On their first morning at Tabuk the Prophet ﷺ delivered a sermon, and though the long chain that carries it in full is weak, Dr. Yasir Qadhi reads it out because parts of it are firmly authentic and the whole of it is a window onto how he ﷺ spoke. It is all short, sharp lines, each one a lecture in itself: the truest speech is the Book of Allah; the best of paths is the path of Ibrahim; the best guidance is the guidance of the prophets; the noblest provision is taqwa, the fear of Allah, and the summit of wisdom is to fear Him.

And on it goes, line after line you could live a year inside. The worst excuse is the one offered at the moment of death. The worst regret is the regret of the Day of Judgment. The higher hand is better than the lower hand. A little that suffices is better than a lot that distracts. The richest wealth is the contentment of the heart. He ﷺ closed it the way mercy closes everything: O Allah, forgive me and forgive my ummah, and I ask Allah's forgiveness for me and for all of you.

The king found among the cattle

Tabuk turned out to be a campaign of treaties rather than a clash.
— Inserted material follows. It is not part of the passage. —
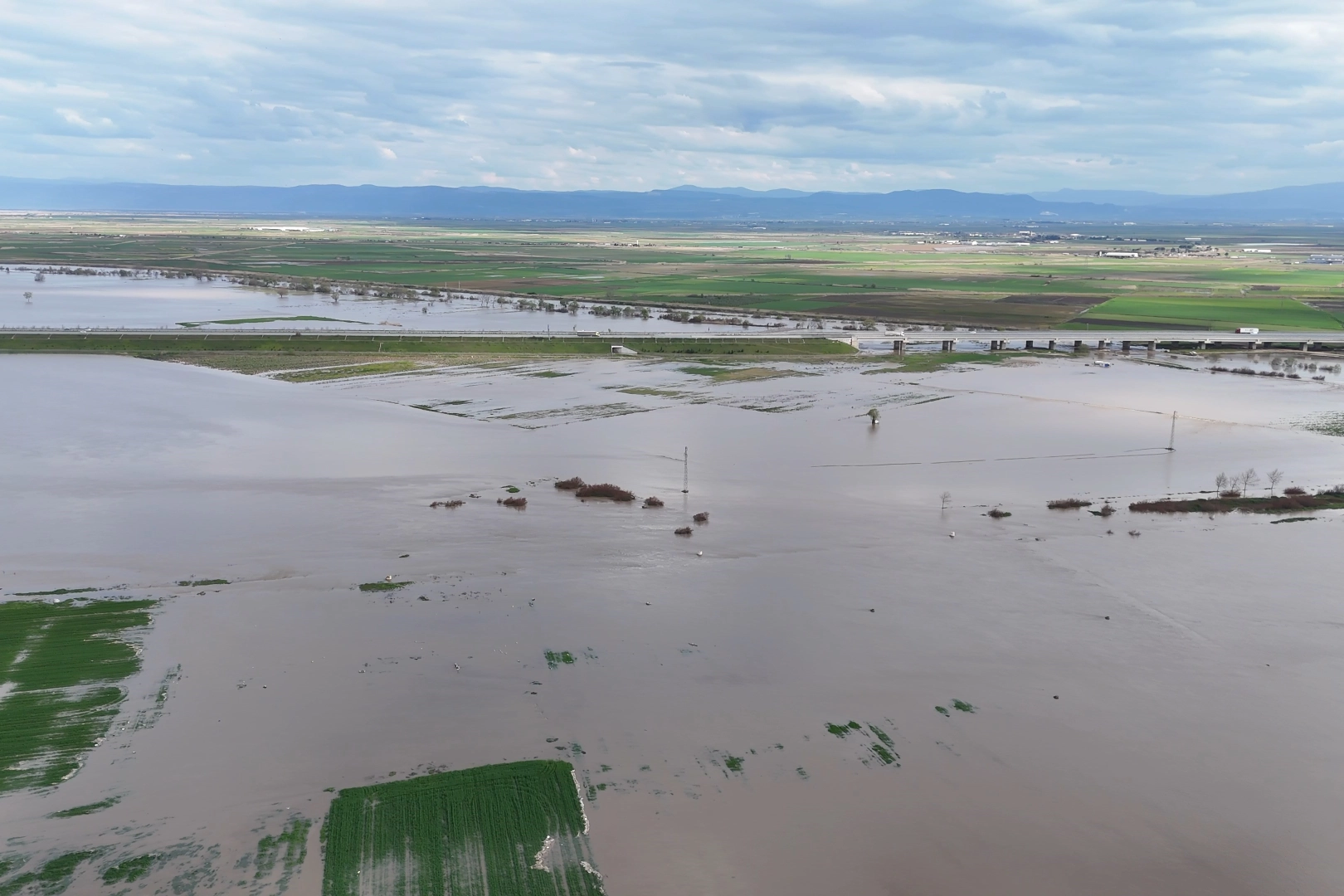 Yağışların ardından debisi yükselen dereler, yataklarından taşarak yol kenarlarına kadar ulaştı. Havadan alınan görüntülerde, bölgedeki çok sayıda ekili arazinin tamamen suyla kaplandığı ve tarımsal üretimin bu durumdan olumsuz etkilendiği gözlendi. Su seviyesinin bazı noktalarda kritik seviyeye ulaşması nedeniyle kırsal yollarda ulaşım zorlaştı.

The Prophet ﷺ sent Khalid ibn al-Walid north with a few hundred companions to Dumat al-Jandal, near present-day Sakaka in the far north of Arabia, toward the Syrian frontier. The tribe there, Kindah, was a proud Christian Arab people with old ties to Caesar of Rome, and so prestigious that they called their chieftain a king, Ukaydir. The Prophet ﷺ told Khalid exactly how he would find him: away from his army, out among the cattle.

And so it happened. One night the king's herd came battering against his palace door until his wife could not sleep and demanded he deal with it. Ukaydir went down with a few servants, decided the cattle were hungry, and led them out to graze before dawn, no guard, no soldiers. Khalid came upon him in open country with three hundred and fifty companions and took him without a fight. Ukaydir did not accept Islam then, though it is said he did later, but he agreed to break with Rome, to pay the jizyah, and never to raise a hand against the Muslims.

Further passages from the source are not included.